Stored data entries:

--

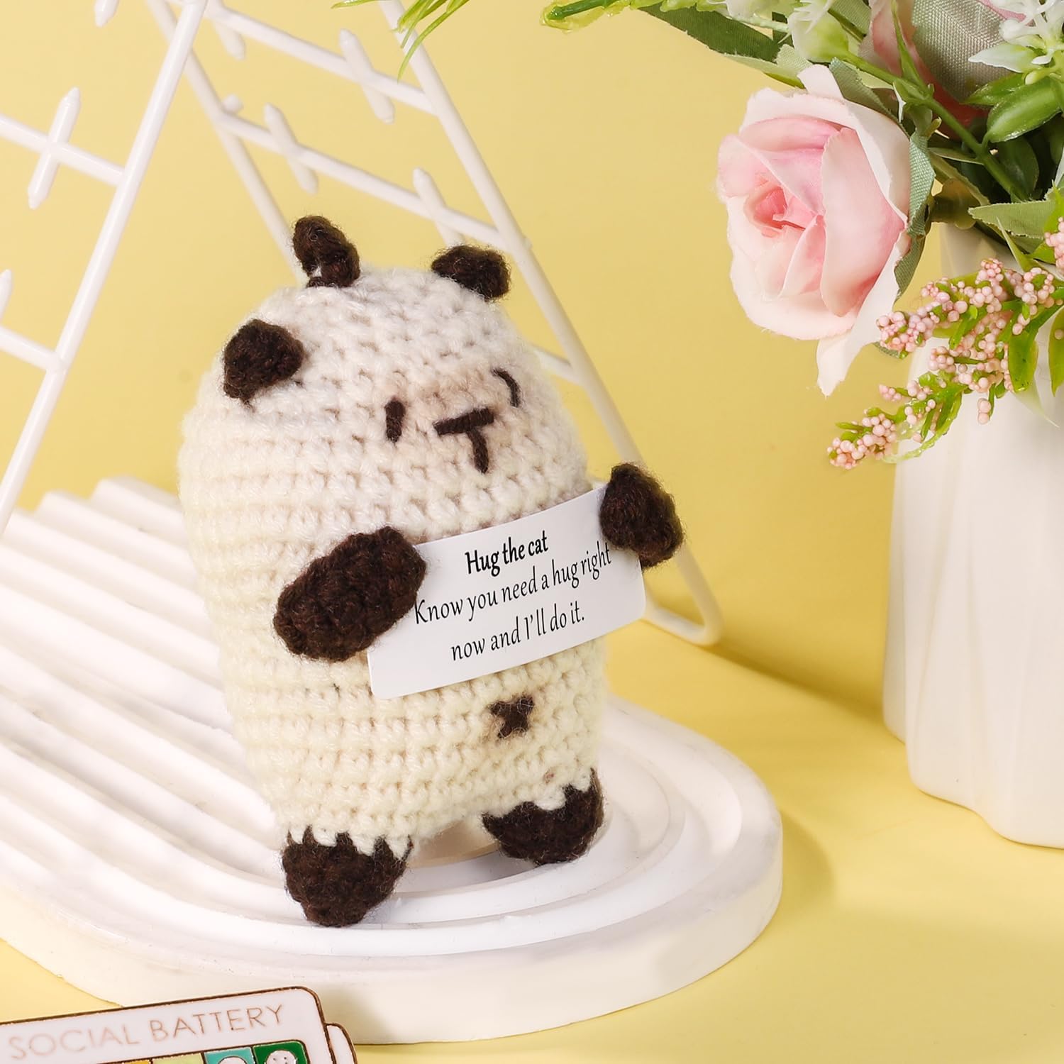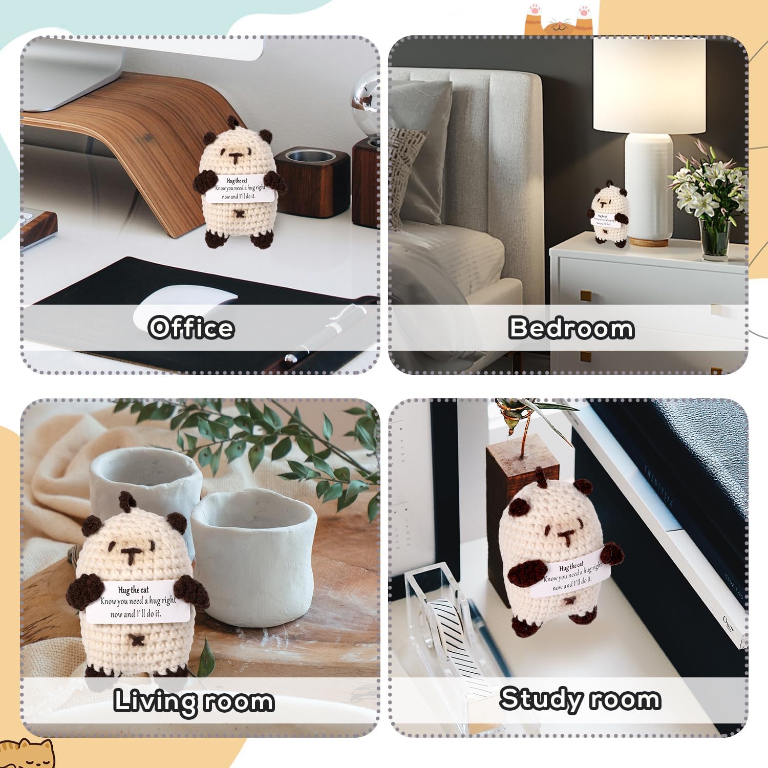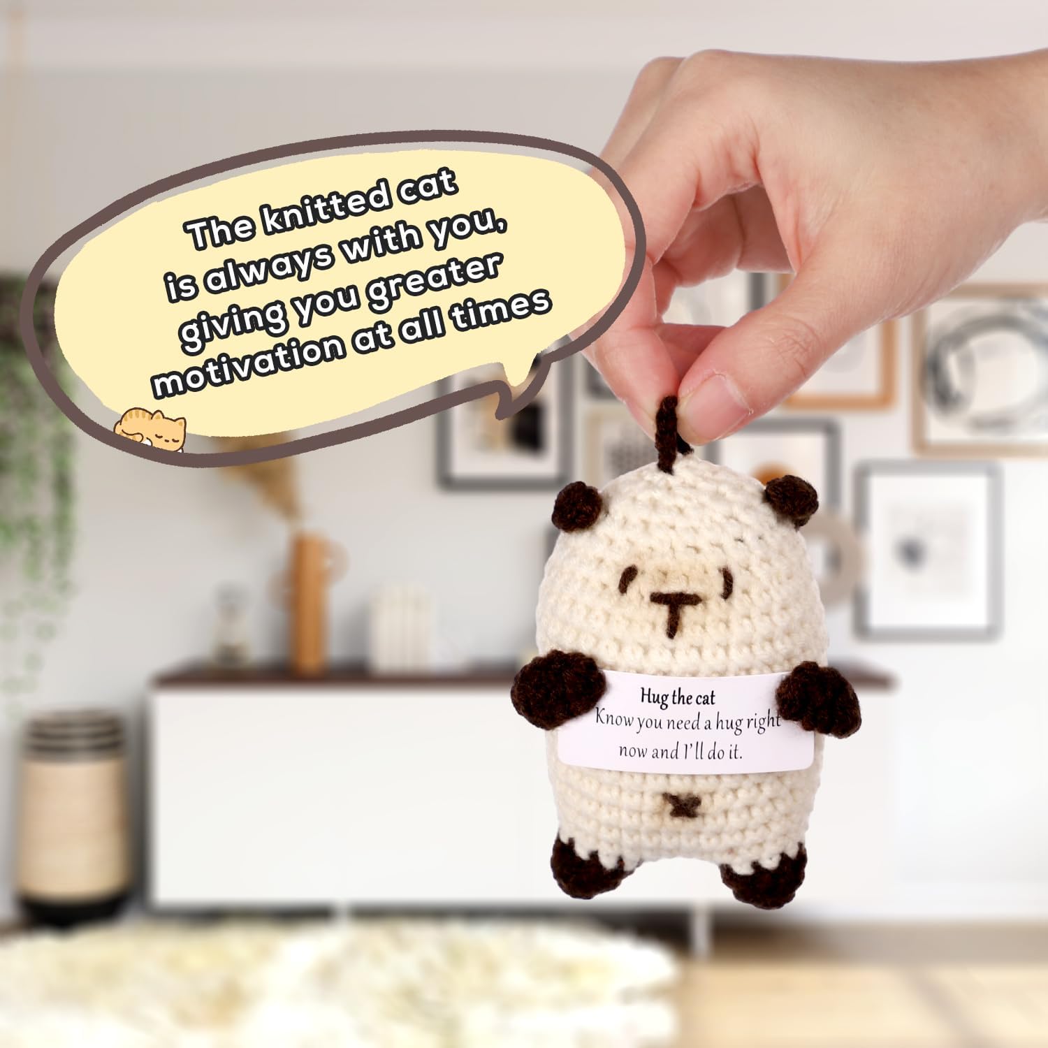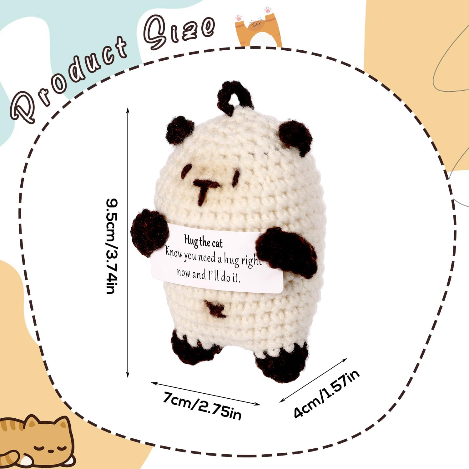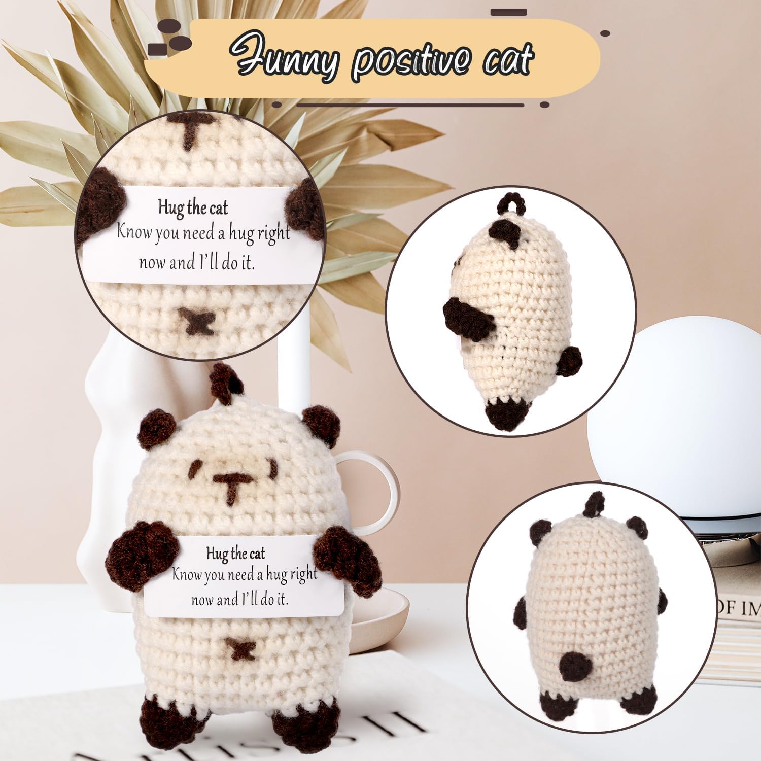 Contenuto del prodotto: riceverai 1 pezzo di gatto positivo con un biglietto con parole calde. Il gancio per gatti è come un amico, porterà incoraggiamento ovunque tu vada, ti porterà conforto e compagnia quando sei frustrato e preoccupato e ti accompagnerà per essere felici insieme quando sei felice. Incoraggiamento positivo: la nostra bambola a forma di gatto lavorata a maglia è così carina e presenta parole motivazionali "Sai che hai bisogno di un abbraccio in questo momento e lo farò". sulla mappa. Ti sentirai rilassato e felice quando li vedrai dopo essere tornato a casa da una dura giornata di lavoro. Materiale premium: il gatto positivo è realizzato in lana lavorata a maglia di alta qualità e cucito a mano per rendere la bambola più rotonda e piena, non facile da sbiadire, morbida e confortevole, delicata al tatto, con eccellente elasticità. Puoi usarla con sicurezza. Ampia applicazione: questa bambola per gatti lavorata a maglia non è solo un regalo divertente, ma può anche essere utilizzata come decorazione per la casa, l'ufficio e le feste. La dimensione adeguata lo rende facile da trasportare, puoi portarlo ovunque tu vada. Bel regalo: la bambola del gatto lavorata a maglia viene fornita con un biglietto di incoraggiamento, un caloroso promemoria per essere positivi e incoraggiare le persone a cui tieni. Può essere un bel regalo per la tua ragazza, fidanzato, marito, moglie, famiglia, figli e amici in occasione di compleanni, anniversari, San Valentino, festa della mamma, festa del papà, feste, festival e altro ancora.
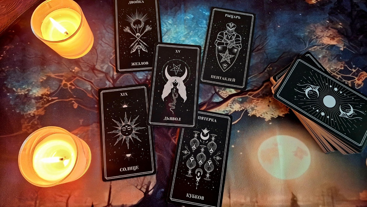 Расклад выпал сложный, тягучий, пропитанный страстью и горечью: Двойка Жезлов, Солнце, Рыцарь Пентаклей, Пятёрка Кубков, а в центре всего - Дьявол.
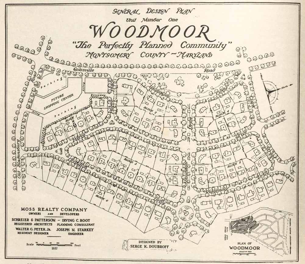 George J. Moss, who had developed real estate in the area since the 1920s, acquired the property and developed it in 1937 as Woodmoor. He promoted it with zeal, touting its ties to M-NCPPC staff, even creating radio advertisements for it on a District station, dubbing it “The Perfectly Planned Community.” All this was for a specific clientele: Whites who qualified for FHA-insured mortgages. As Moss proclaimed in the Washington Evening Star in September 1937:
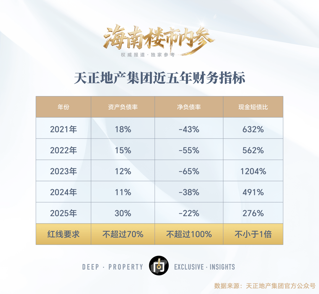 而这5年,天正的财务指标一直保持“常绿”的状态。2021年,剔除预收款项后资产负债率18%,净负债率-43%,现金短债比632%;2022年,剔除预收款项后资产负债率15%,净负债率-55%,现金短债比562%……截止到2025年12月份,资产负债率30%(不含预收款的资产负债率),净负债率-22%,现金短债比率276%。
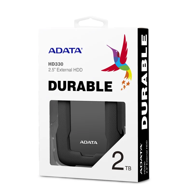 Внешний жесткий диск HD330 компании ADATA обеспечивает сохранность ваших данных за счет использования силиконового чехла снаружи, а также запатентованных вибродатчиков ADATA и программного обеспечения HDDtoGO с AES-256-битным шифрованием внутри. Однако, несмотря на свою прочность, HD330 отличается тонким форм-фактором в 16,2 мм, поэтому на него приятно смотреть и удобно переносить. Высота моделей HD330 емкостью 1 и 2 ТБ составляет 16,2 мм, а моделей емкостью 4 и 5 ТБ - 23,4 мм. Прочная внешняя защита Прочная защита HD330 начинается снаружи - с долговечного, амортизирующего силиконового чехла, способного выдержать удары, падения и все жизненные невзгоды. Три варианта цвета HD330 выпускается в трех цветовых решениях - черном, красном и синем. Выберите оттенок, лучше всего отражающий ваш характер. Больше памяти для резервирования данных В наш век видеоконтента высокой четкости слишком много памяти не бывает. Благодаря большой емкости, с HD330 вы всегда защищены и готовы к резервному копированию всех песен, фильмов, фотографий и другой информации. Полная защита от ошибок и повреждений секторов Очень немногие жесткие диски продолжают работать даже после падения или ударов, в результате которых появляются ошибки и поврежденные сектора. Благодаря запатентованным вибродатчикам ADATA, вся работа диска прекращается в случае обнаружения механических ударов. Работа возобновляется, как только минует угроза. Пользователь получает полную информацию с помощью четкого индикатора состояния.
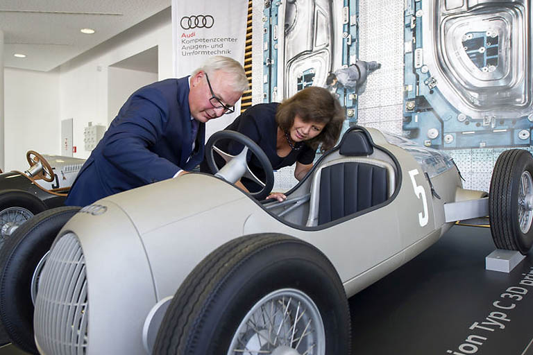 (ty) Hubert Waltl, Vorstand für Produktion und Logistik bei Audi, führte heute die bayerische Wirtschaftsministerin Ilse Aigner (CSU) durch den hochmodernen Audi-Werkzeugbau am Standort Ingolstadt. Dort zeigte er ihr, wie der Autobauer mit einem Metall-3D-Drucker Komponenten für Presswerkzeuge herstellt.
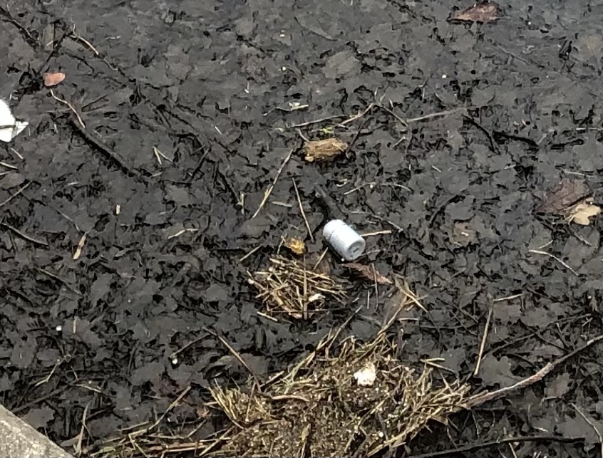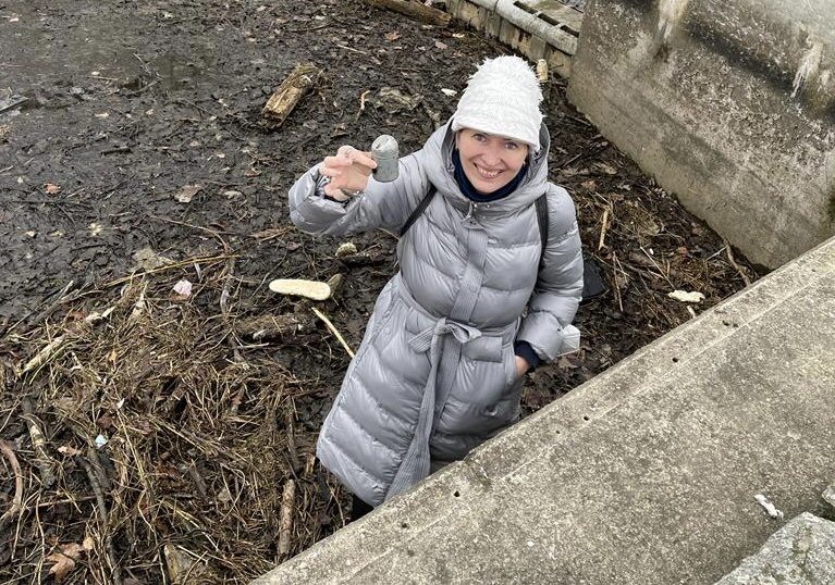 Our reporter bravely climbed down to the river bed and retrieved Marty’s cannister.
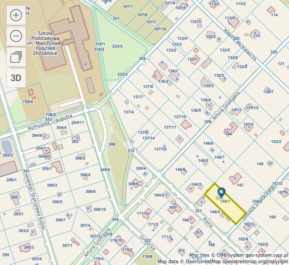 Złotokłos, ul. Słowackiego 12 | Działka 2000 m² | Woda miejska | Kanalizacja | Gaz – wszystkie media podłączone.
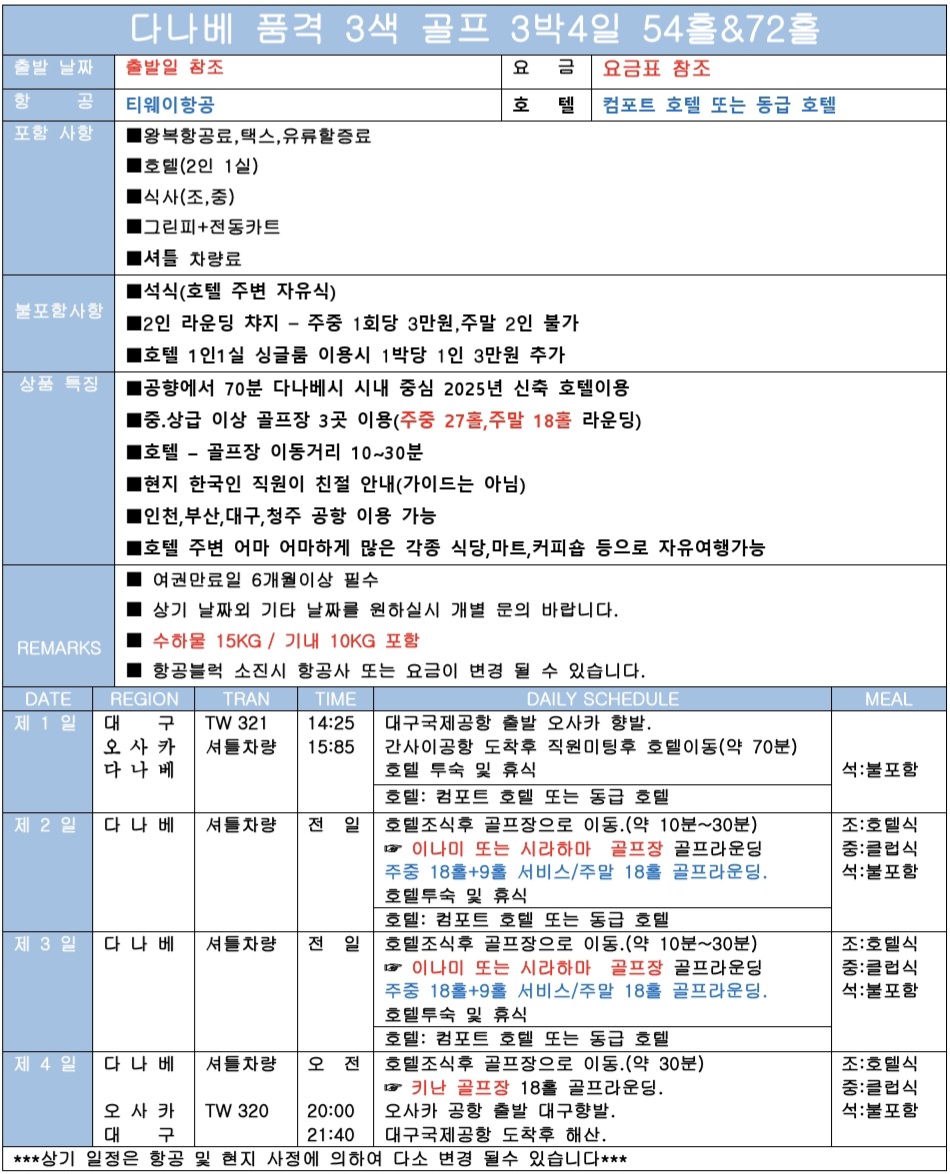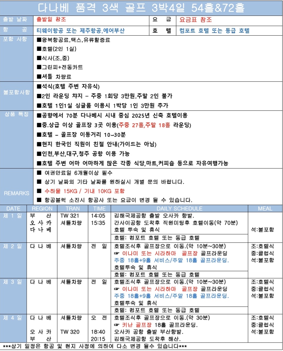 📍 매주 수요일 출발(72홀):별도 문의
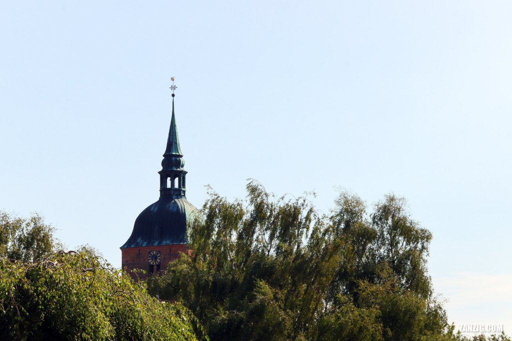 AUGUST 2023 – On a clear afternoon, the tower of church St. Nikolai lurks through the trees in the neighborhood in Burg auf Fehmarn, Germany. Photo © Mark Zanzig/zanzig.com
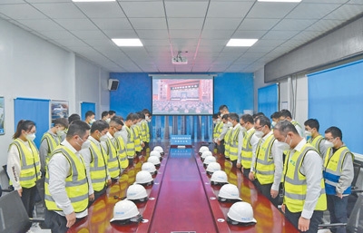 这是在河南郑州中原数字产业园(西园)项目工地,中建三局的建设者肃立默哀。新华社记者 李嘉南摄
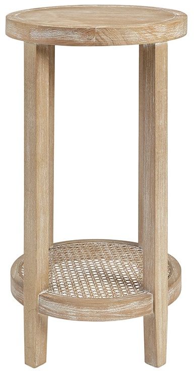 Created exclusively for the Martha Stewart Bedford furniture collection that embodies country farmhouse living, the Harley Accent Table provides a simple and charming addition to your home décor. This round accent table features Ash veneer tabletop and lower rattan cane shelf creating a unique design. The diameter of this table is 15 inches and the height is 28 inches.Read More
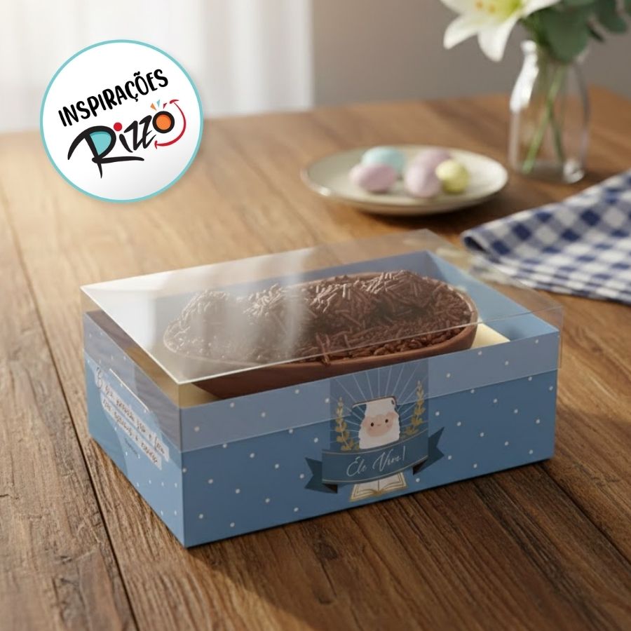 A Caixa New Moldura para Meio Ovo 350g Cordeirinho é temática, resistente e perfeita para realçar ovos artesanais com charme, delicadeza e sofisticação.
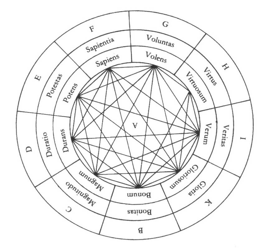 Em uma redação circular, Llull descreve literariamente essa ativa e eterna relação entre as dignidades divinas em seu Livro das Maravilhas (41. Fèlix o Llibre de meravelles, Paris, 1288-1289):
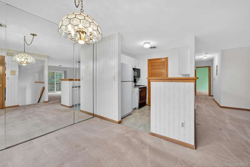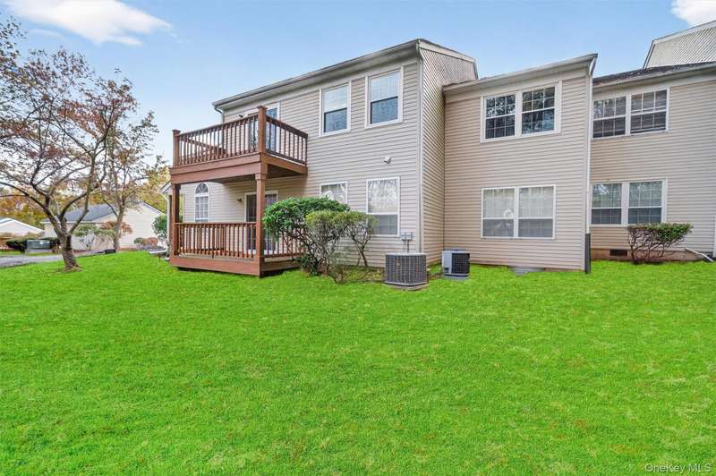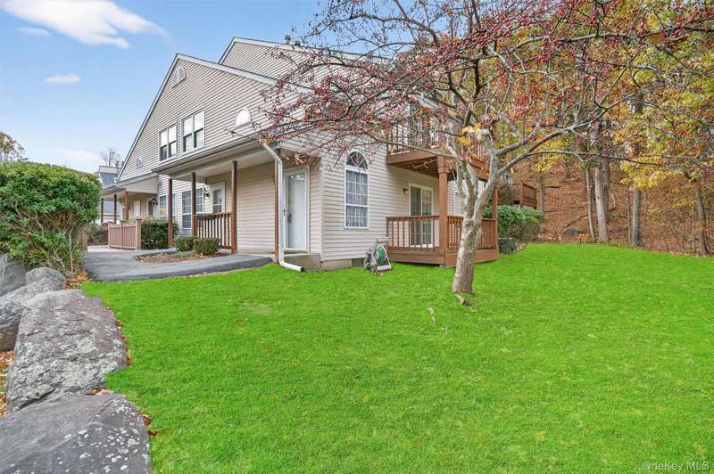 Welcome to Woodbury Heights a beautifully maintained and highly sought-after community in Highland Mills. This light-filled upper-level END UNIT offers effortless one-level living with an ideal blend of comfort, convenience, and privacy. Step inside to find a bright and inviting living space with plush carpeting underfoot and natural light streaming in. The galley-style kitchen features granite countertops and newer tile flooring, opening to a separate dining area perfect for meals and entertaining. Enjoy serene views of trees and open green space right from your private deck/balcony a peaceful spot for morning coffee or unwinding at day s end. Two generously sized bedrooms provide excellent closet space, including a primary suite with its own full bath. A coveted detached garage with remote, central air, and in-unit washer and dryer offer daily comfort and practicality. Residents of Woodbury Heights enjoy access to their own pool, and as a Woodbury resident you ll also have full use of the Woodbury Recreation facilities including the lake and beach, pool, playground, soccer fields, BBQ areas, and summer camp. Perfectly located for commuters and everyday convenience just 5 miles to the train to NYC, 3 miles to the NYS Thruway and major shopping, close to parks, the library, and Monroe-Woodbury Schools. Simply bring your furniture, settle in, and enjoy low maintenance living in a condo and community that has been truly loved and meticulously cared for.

--

Instructions for the task:
An exact copy is needed. It runs from the line above containing "Złotokłos, ul. Słowackiego" down to the line containing "A Caixa New", both included, with no pictures.

Output for this exercise:
 Złotokłos, ul. Słowackiego 12 | Działka 2000 m² | Woda miejska | Kanalizacja | Gaz – wszystkie media podłączone.
 📍 매주 수요일 출발(72홀):별도 문의
 AUGUST 2023 – On a clear afternoon, the tower of church St. Nikolai lurks through the trees in the neighborhood in Burg auf Fehmarn, Germany. Photo © Mark Zanzig/zanzig.com
 这是在河南郑州中原数字产业园(西园)项目工地,中建三局的建设者肃立默哀。新华社记者 李嘉南摄
 Created exclusively for the Martha Stewart Bedford furniture collection that embodies country farmhouse living, the Harley Accent Table provides a simple and charming addition to your home décor. This round accent table features Ash veneer tabletop and lower rattan cane shelf creating a unique design. The diameter of this table is 15 inches and the height is 28 inches.Read More
 A Caixa New Moldura para Meio Ovo 350g Cordeirinho é temática, resistente e perfeita para realçar ovos artesanais com charme, delicadeza e sofisticação.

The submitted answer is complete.